ECLI:NL:RBROE:2012:BW0924

Rechtbank Roermond

Datum uitspraak
4 april 2012
Publicatiedatum
5 april 2013
Zaaknummer
04/856360-11
Instantie
Rechtbank Roermond
Type
Uitspraak
Rechtsgebied
Strafrecht
Procedures
  • Eerste aanleg - enkelvoudig
Vindplaatsen
  • Rechtspraak.nl
AI samenvatting door LexboostAutomatisch gegenereerd

Bezwaarschrift tegen DNA-onderzoek bij minderjarige veroordeelde

In deze zaak gaat het om een bezwaarschrift ingediend door de raadsvrouwe van een minderjarige veroordeelde tegen de afname van celmateriaal voor DNA-onderzoek, zoals geregeld in de Wet DNA-onderzoek bij veroordeelden. De kinderrechter heeft op 4 april 2012 uitspraak gedaan in deze procedure. De veroordeelde, geboren in 1996, was op 31 oktober 2011 door de kinderrechter veroordeeld voor diefstal door twee of meer verenigde personen, opzetheling en het niet nakomen van de leerplicht. De opgelegde straf bestond uit een voorwaardelijke taakstraf van 40 uur, subsidiair 20 dagen jeugddetentie.

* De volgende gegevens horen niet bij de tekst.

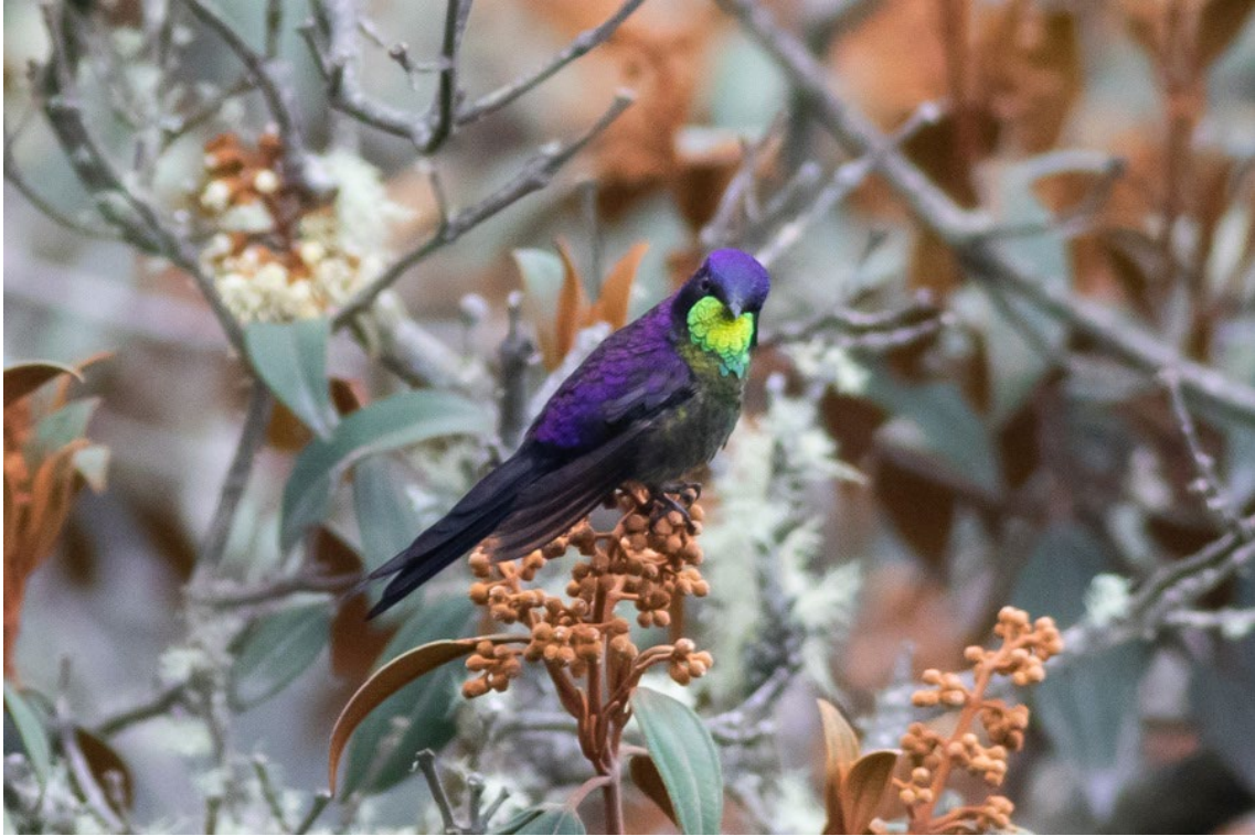
Purple-backed Thornbill macho por los alrededores de Termales del Ruiz

Rainbow-bearded Thornbill Chalcostigma herrani
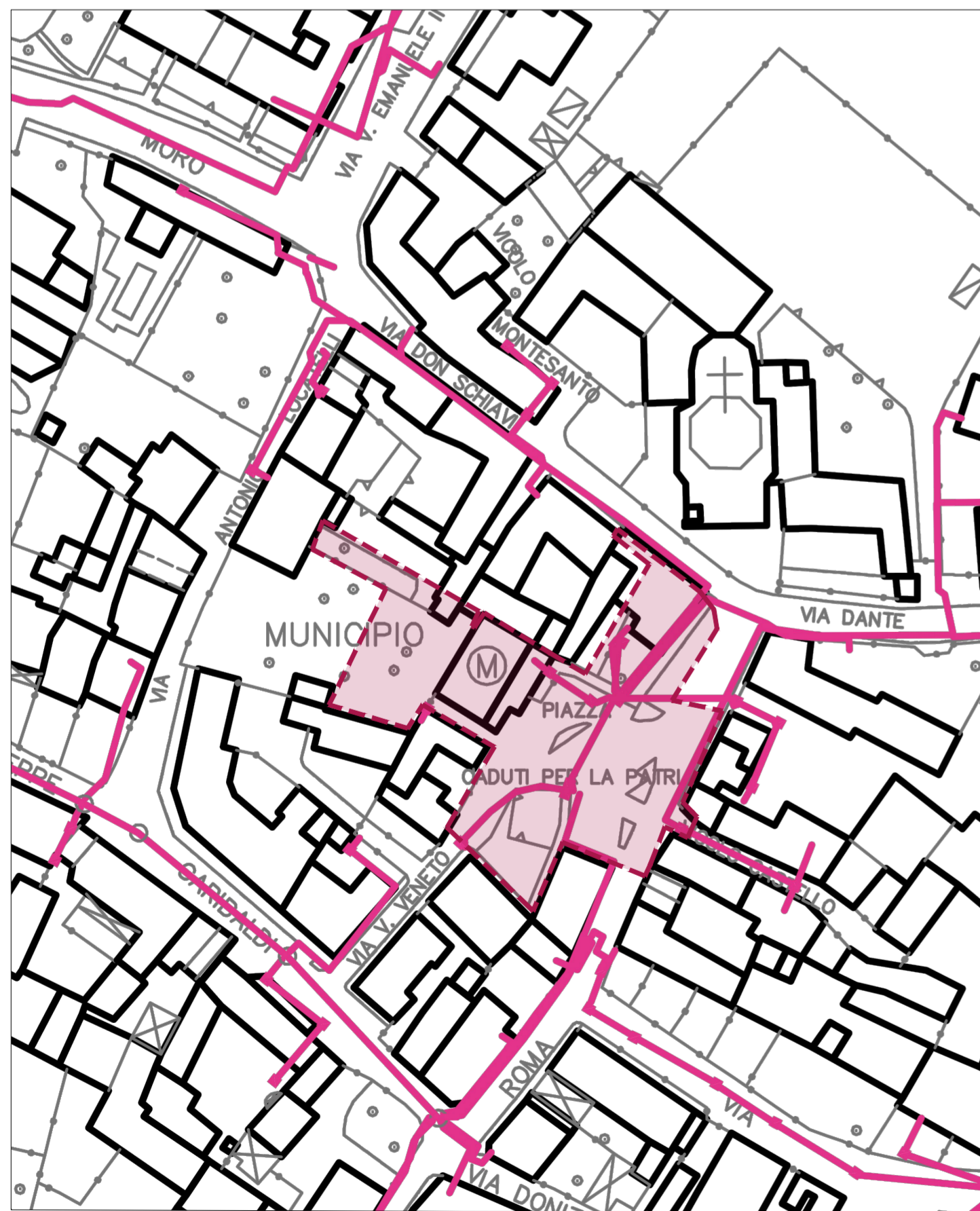
RETE TELEFONICA SCALA 1:1000
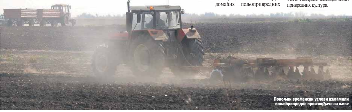
Повољни временски услови измамили пољопривредне произвођаче на њиве

Из Министарства пољопривреде, шумарства и водопривреде РС истичу да ће до половине марта бити познато колико ће ове године у Српској бити засијано хектара пољопривредних култура.
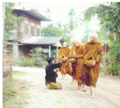
เดินบิณฑบาตที่บ้านนุ่งหวาย

“เราอยู่คนละประเทศได้มาอยู่รวมกันที่นี้ มันเป็นเรื่องแปลกเหมือนกัน ประชาชนทั้งหลายเห็นพวกท่านทั้งหลาย ซึ่งอยู่ในเมืองนอก มารวมกันอยู่ในเมืองไทย มาฉันข้าวเหนียวก็ได้ มาพูดภาษาไทยก็ได้ มาพูดภาษาลาวก็ได้ มาอยู่ที่กรุงเทพฯ ยากๆลำบากก็อยู่ได้ อย่างนั้นผมจึงพูดไป เมื่อไปกรุงลอนดอน ว่า ท่านพวกนี้จะต้องไปทำดอกเตอร์ ที่วัดหนองป่าพง คือเปลี่ยน ผมมีความรู้สึก ว่า พวกท่านตายไปแล้วฟื้นขึ้นมา คือมาพบ ปรับตัวเข้ากับ
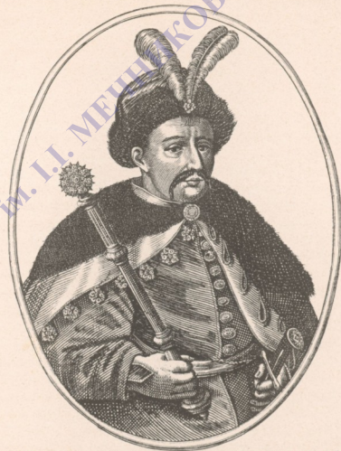
Bohdan CHMIELNICKI, EXERCITVS ZAPORQ phionorum Praefectus, Cofaciorum & Kranyonsium Dux.

Не успѣвъ Хмельницкій окончить регистрацію козацкаго войска, какъ противъ него обнаружилось сильное возмущеніе и недовольство въ средѣ простонародья, не вошедшаго въ козацкій реестръ. Уступая этому движенію, гетманъ объявлялъ, что, кромѣ реестровыхъ, могутъ быть еще и охочіе полки, куда можно идти всякому. Между тѣмъ на Украину стали возвращаться изгнанные раньше помѣщики-полки и начали требовать отъ своихъ подданныхъ восстановления прежнихъ обязательныхъ отношеній. Крестьяне ни за что не хотѣли исполнять ихъ требованій и въ большихъ случаяхъ снова изгоняли или убивали своихъ пановъ. Гетманъ вынужденъ былъ не разъ издавать универсалы, въ коихъ строго приказывалъ, чтобы невшедшіе въ реестръ повиновались своимъ прежнимъ помѣщикамъ, ослушаннымъ
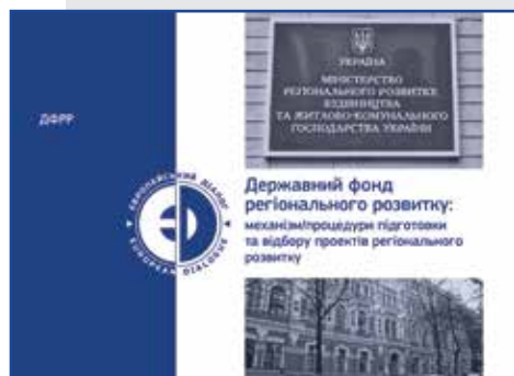
Współpraca transgraniczna obwodu lwowskiego w warunkach reformowania państwowej polityki rozwoju regionalnego
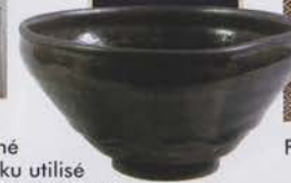
Bol à thé Tenmoku utilisé par Nobunaga Oda
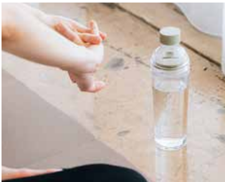
ストレーナーを外してウォーターボトルとして
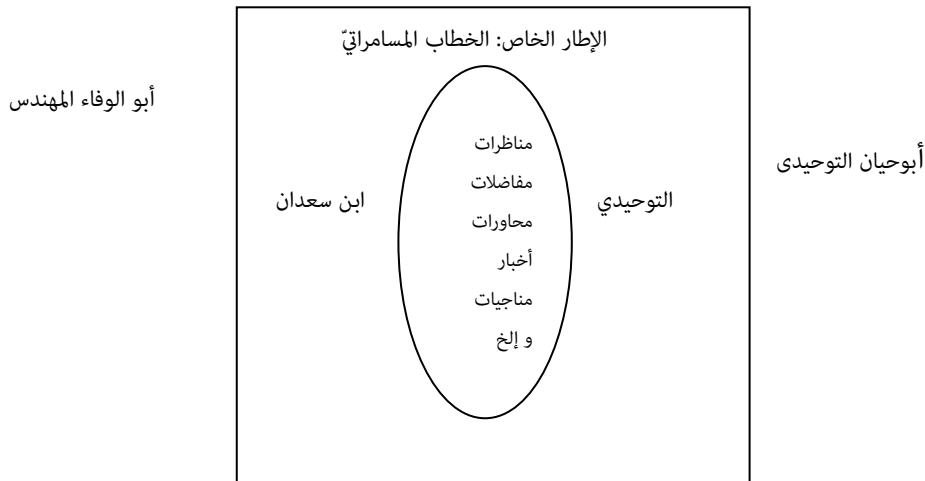
Figure (1) General framework: messenger speech

رقم الشكل (١) الإطار العام: الخطاب الترسلي
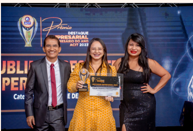
SUBLIME PRESENTES E PERSONALIZADOS Presente e Decoração
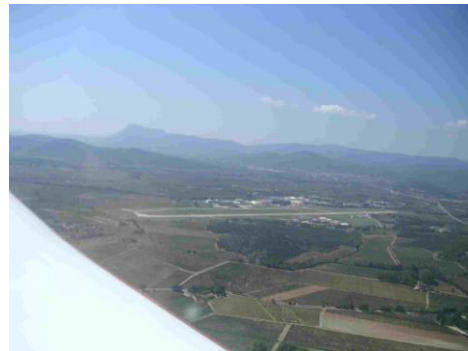
La piste de Cuers

Déjeuner au resto, plein d'essence, passage à l'aéroclub pour consulter la météo qui s'annonce mauvaise à partir de Lyon.

De raadsvrouwe heeft in het bezwaarschrift aangevoerd dat de bijzondere omstandigheden van de veroordeelde, zoals zijn eerdere niet-ontdekte strafbare feiten en de problematische thuissituatie, in aanmerking genomen moeten worden. Daarnaast werd gesteld dat de Wet in strijd is met internationale verdragen, zoals het IVRK, en dat de wetgever onvoldoende rekening heeft gehouden met de belangen van minderjarigen. De officier van justitie heeft echter betoogd dat de wet geen uitzonderingspositie voor minderjarigen beoogt en dat de kinderrechter een passende straf heeft opgelegd.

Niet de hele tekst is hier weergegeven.